Montag, 18. Mai 2015

132 Survival Of The Fittest


Das Zerreißen des schlecht perforierten Papiers hat einen kurzen Stich in Kopf ausgelöst. Ich höre ein Tageskind weinen. Eher vor Zorn als vor Schmerz. Wenn ich es richtig deute. Die Katze tretelt auf meiner Decke und hält Abstand dabei. Loslassen. Es geht immer ums Loslassen. Ich lasse das Schreiben jetzt los und beginne zu lesen. Und dann beginne ich einzuschlafen.

Komuskra Dengli schläft gerade ein. Da reißt ihn ein Gedanke hoch: „Diese beschissene Kriegsgeneration! Weil sie survivt haben, glaubten sie, sie wären the fittest. Uns warfen sie vor, daß wir keinen Krieg überlebt haben. Dieses Selbstmitleid, auch wenn es stumm ist. Wir sollten merken, wie toll und arm sie sind. Toll waren sie, vom Bösen besessen; und arm auch. An Mitgefühl. An Selbsterkenntnis. An innerem Reichtum. Wir sind ihre Söhne, mit ihrem Samen gezeugt, in den Schößen enttäuschter Weiber, die sie vorher noch bewundert hatten. Als sie noch marschiert sind.
Wir müssen das Erbe verwalten. Es sitzt in unseren verdrehten Genen, sprachlos, kalt, stumm, geschwätzig, verlogen. Launige, falsche Wärme. Falsches, leeres Pathos. Anzügliche Scherze und schlechte Witze. Das ist kein Erbe, das nährt. Verweigern können wir es auch nicht. Zumindest nicht leicht. Unsere Gene zertrümmert vom Krieg. Ach, lassen wir es gut sein!“

Eine Katze klettert Komuskra Dengli auf die Brust. Er kann nicht mehr schreiben.
Er geht hinunter und holt sich einen Topf aus dem Geschirrspüler, weil er Reis kochen will. Da fährt ihm ein Schmerz in das Kreuz, daß er sich kaum noch aufrichten kann. Jetzt hat er Angst bekommen. Er gibt sein Fasten auf. Hoffentlich schafft er es morgen zum Arzt.

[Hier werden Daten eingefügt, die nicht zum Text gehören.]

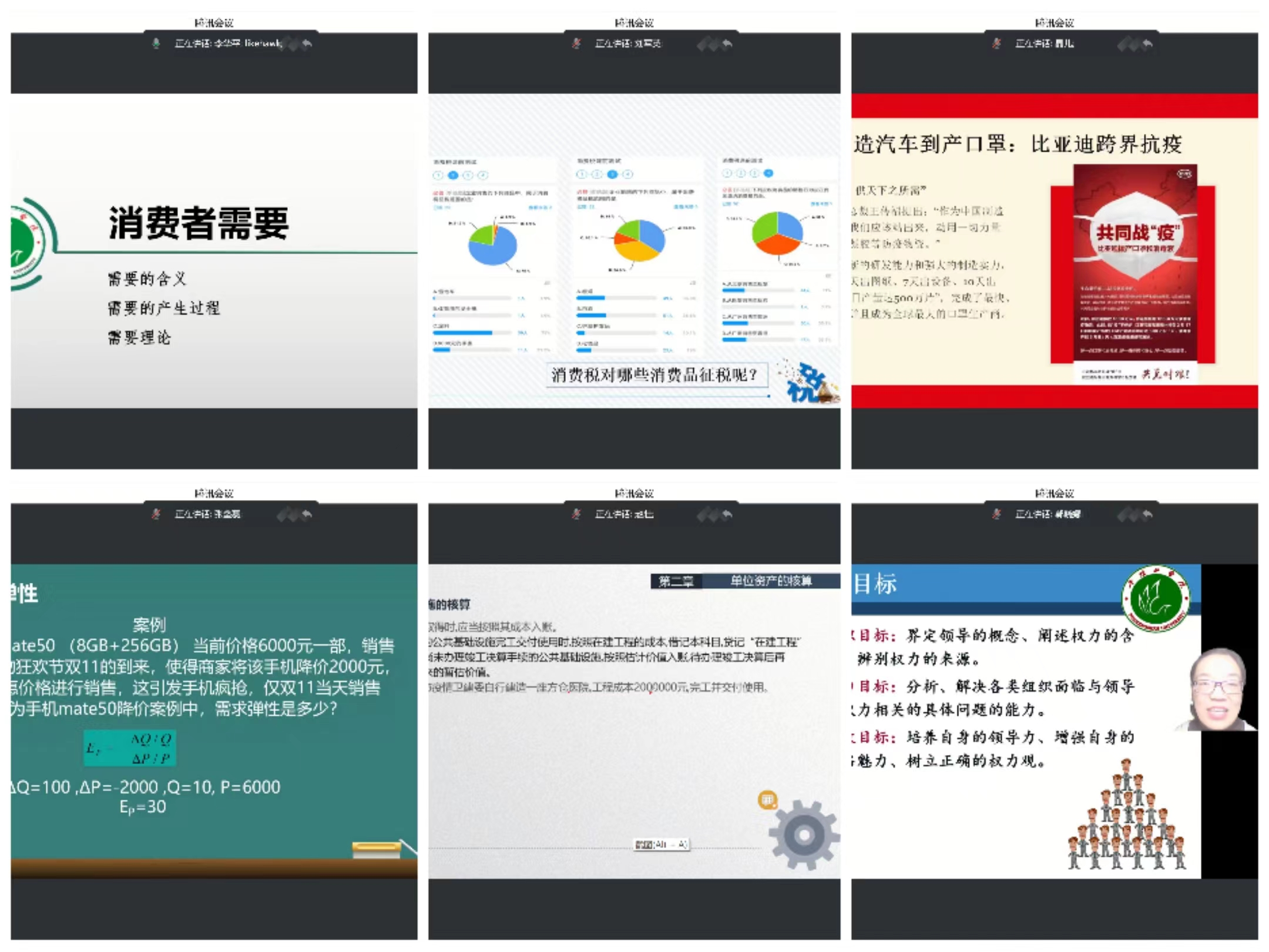 评选活动中,市场营销专业李华平老师、会计学专业刘军英老师、杨晶老师、张垒磊老师、赵壮老师以及工商管理专业郭晓娜老师分别以“消费者需要”、“消费税征收”、“成本性态”、“需求弹性”、“政府会计中的资产”、“权为民所用”为主题进行课程思政教学,六位老师分别从不同的专业与课程角度,深入浅出地展示了如何润物无声地在课程教学中融入“课程思政”元素,向参加观摩学习的老师们展示了一堂生动的专业课程思政课。
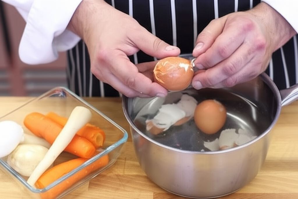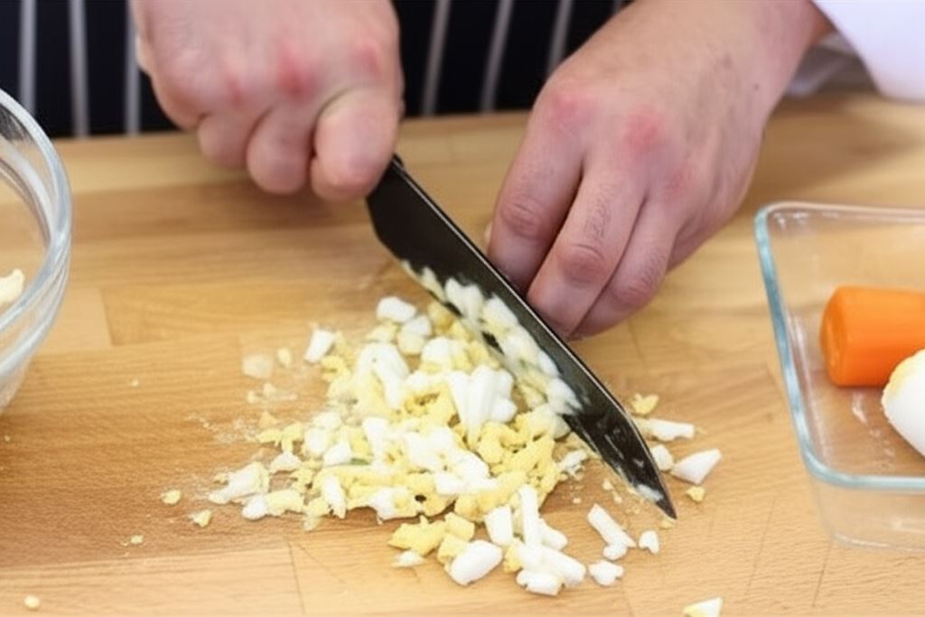 Włoszczyznę oczyść, obierz i ugotuj aż zmięknie. Jajka ugotuj na twardo.
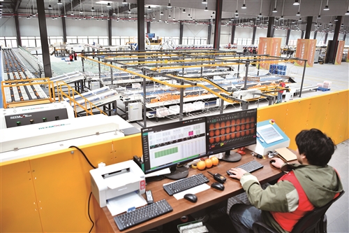 在三峡柑橘忠县鲜果集散处理基地(一期)投产车间,柑橘经过自动装箱、包装、码垛等工序后发往全国各地。 重庆市社供图

Ich habe mich im Wartezimmer unter den Bildschirm gesetzt. So muß ich ihn nicht anstarren. Ich mag keine Ordinationen. Das Kreuz tut weh. Warum schon wieder? Verzagtheit breitet sich aus. Sie gilt nicht. Was hat mich aus der Bahn geworfen? Was hilft mir die Revolution in der Schmerzmedizin, die am Plakat stattfindet? Ich glaube davon kein Wort. Ich glaube an das alles nicht. Handys sind abzudrehen. Ich mache es. Mich krümmt es zusammen. Es gongt dezent. Auch eine Energiematte gibt es auf der Pinnwand, aber meine Energie ist matt. Jetzt impfen gegen die Zecken! Niemals! Kommt nicht in Frage.

Ein Joker wird auch versprochen, von einem seriös dreinschauenden Arschloch. Ich glaube, mich frißt der Haß. Ist das der Grund für den Kreuzschmerz? Die Wut gestern beim Einschlafen? Die im Halbtraum hochgestiegen ist? Daß ich sie fürs Ego eingesetzt habe? Daß ich eine Generation verurteilt habe – was mir nicht zusteht? Der Wasserspender surrt. Alles surrt, surrt, surrt, auch der Bildschirm hinten über mir, die Wut in mir.

Die Frau trägt eine rote Hose; ich will nicht wissen, was das heißt. Der Mann im blauen Pullover blickt unsicher-wichtig umher. Er hat seinen Platz gefunden. Ich schaue die rote Frau an, ihre Füße sind ganz zart. Ein junger Mann mit Haube, der redet mit der Arzthelferin. „Ausgebrannt?“ fragt die Pinnwand, ich höre jetzt auf zu schreiben.